TASK ITEM » Restate all of the following data exactly, keeping any images out of the copy.

[ENTRIES PROVIDED — start]

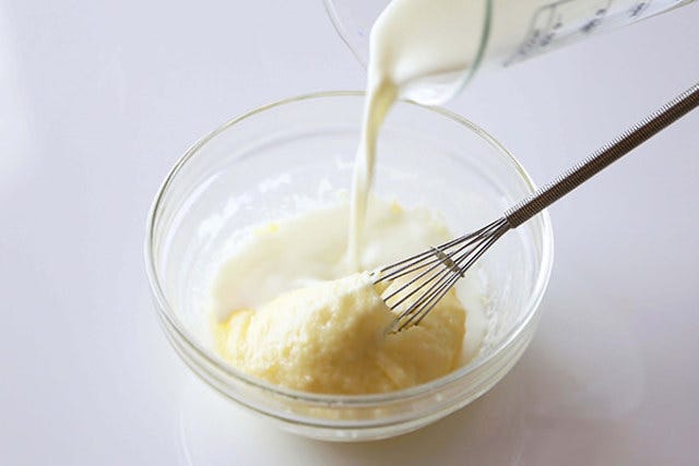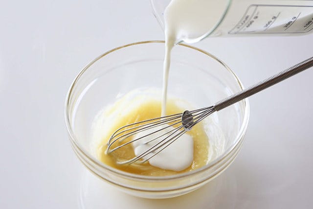 ③ よく練り混ぜ、残りの牛乳を加え、更に600Wで2分加熱する。
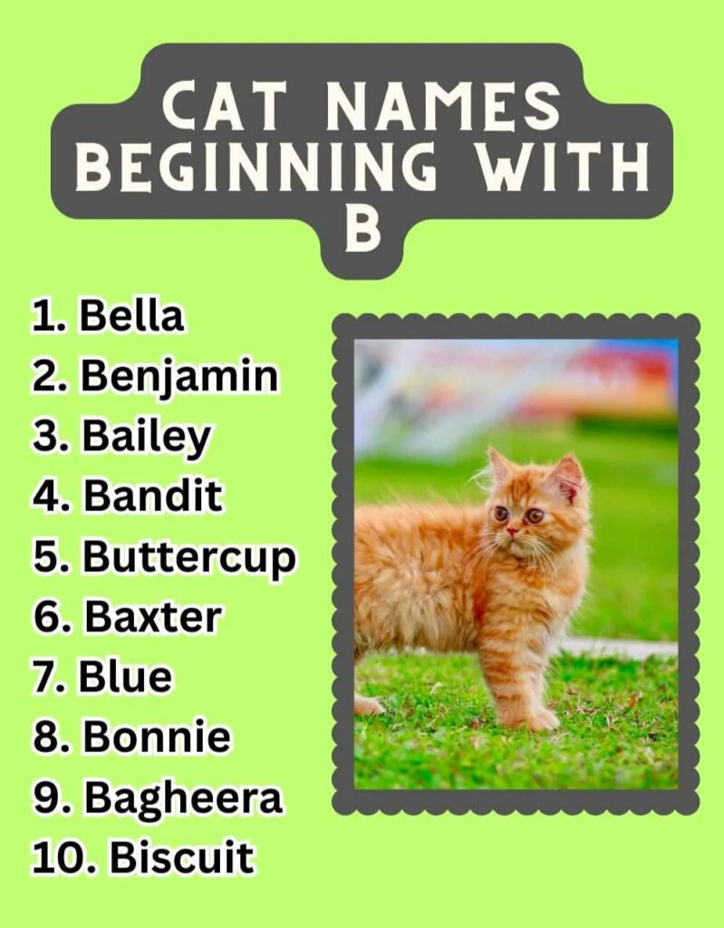 From my experience, the best name is the one that matches your cat’s personality, not just something that sounds cute. I’ve also noticed that cats respond better to short and clear names, especially those with sharp sounds like “B”.
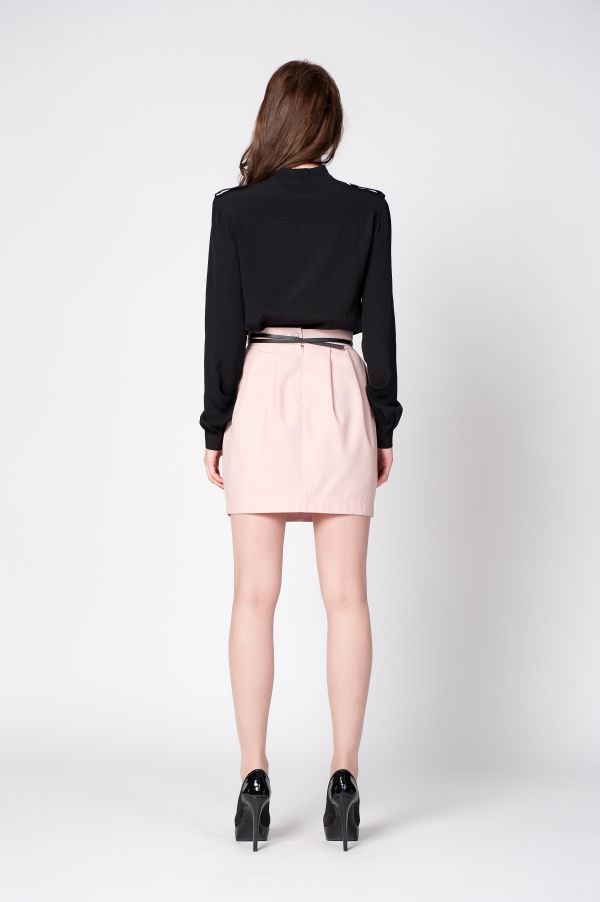 Юбка короткая, однако особый покрой и нейтральный оттенок придают ей элегантный и сдержанный вид, что позволяет использовать данную модель и в качестве детали делового костюма. Приталенный, но не узкий силуэт очень удобен. Изюминка юбки - глубокие вертикальные складки, которые не только обеспечивают идеальную посадку по фигуре, но и придают образу глубину, рельефность и динамику.
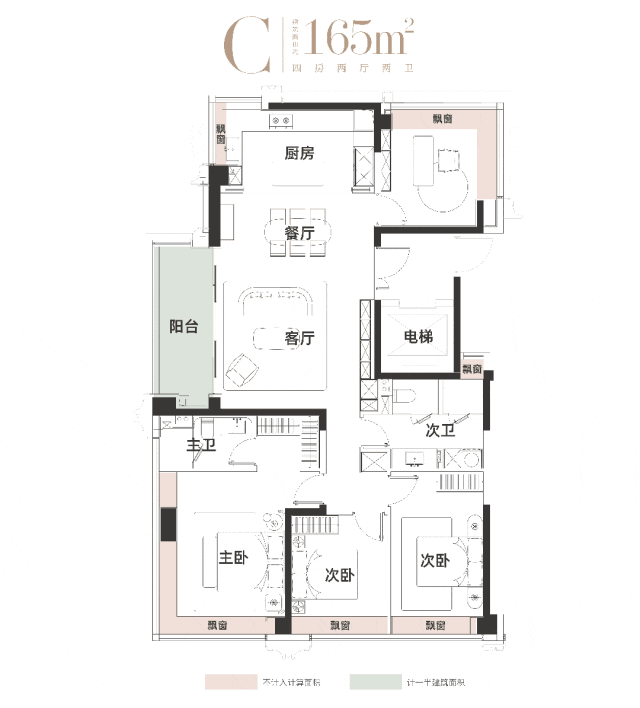 建面约165㎡则进阶诠释全景生活,坐拥270°无遮挡城市视野,更引入次卫四分离体系,通过淋浴、如厕、洗漱、家政的独立动线设计,从容应对早高峰,勾勒新生代家庭的日常温度。
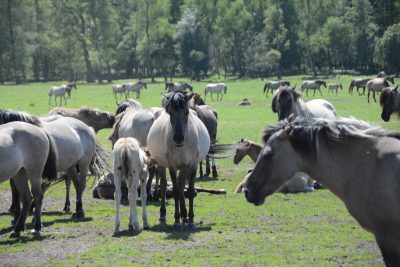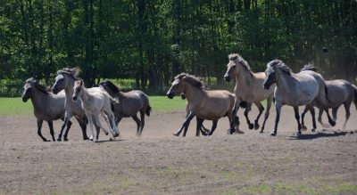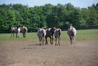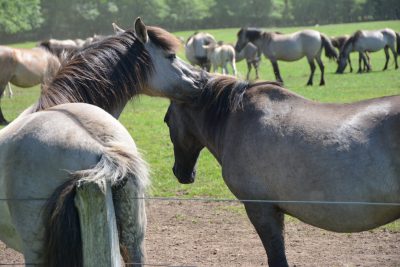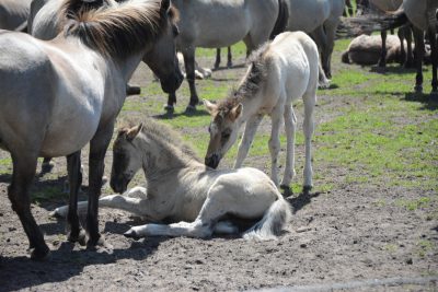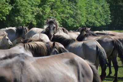 Gegen 13:30 Uhr fuhren wir zur Wildpferdebahn in den Merfelder Bruch. Da am Samstag, den 27.05.2017 der traditionelle Wildpferdefang stattfinden soll, war die Herde mit über 300 Ponys schon auf einer Weidefläche in der Nähe der Arena. Bei einem Rundgang über das weitläufige Gelände hatten wir die Möglichkeit die Ponys aus der Nähe zu betrachten. Die überwiegende Anzahl der Ponys sind Grau- und Sandfalben mit Aalstrich, Schulterkreuz und Zebrastreifen an den Beinen, einige wenige Braun- und Schwarzbraunfalben. Mehrere haben jedoch weiße Abzeichen am Kopf, die eigentlich unerwünscht sind, sich aber durch den Einfluss verschiedener Hengste vererbt haben. Es wurden in der Vergangenheit Huzulen-, Exmoor-, Welsh- und Highlandhengste eingesetzt, was man einigen Ponys durchaus noch ansehen konnte. In den letzten Jahrzehnten wurden aber ausschließlich polnische Konikhengste und zuletzt reine Wildbahnhengste eingesetzt, um die Urform der Wildpferde zu erhalten.
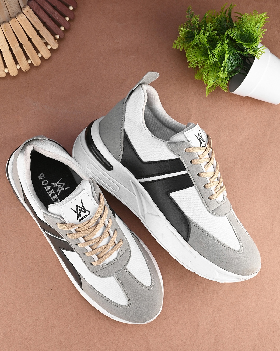Men's Grey & White Color Block Sneakers
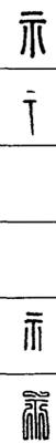 从上到下依次是小篆、甲骨文、金文、古玺及战国文字、缪篆及汉代文字、鸟虫篆。

[ENTRIES PROVIDED — finish]

ANSWER SECTION »
 ③ よく練り混ぜ、残りの牛乳を加え、更に600Wで2分加熱する。
 From my experience, the best name is the one that matches your cat’s personality, not just something that sounds cute. I’ve also noticed that cats respond better to short and clear names, especially those with sharp sounds like “B”.
 Юбка короткая, однако особый покрой и нейтральный оттенок придают ей элегантный и сдержанный вид, что позволяет использовать данную модель и в качестве детали делового костюма. Приталенный, но не узкий силуэт очень удобен. Изюминка юбки - глубокие вертикальные складки, которые не только обеспечивают идеальную посадку по фигуре, но и придают образу глубину, рельефность и динамику.
 建面约165㎡则进阶诠释全景生活,坐拥270°无遮挡城市视野,更引入次卫四分离体系,通过淋浴、如厕、洗漱、家政的独立动线设计,从容应对早高峰,勾勒新生代家庭的日常温度。
 Gegen 13:30 Uhr fuhren wir zur Wildpferdebahn in den Merfelder Bruch. Da am Samstag, den 27.05.2017 der traditionelle Wildpferdefang stattfinden soll, war die Herde mit über 300 Ponys schon auf einer Weidefläche in der Nähe der Arena. Bei einem Rundgang über das weitläufige Gelände hatten wir die Möglichkeit die Ponys aus der Nähe zu betrachten. Die überwiegende Anzahl der Ponys sind Grau- und Sandfalben mit Aalstrich, Schulterkreuz und Zebrastreifen an den Beinen, einige wenige Braun- und Schwarzbraunfalben. Mehrere haben jedoch weiße Abzeichen am Kopf, die eigentlich unerwünscht sind, sich aber durch den Einfluss verschiedener Hengste vererbt haben. Es wurden in der Vergangenheit Huzulen-, Exmoor-, Welsh- und Highlandhengste eingesetzt, was man einigen Ponys durchaus noch ansehen konnte. In den letzten Jahrzehnten wurden aber ausschließlich polnische Konikhengste und zuletzt reine Wildbahnhengste eingesetzt, um die Urform der Wildpferde zu erhalten.
Men's Grey & White Color Block Sneakers
 从上到下依次是小篆、甲骨文、金文、古玺及战国文字、缪篆及汉代文字、鸟虫篆。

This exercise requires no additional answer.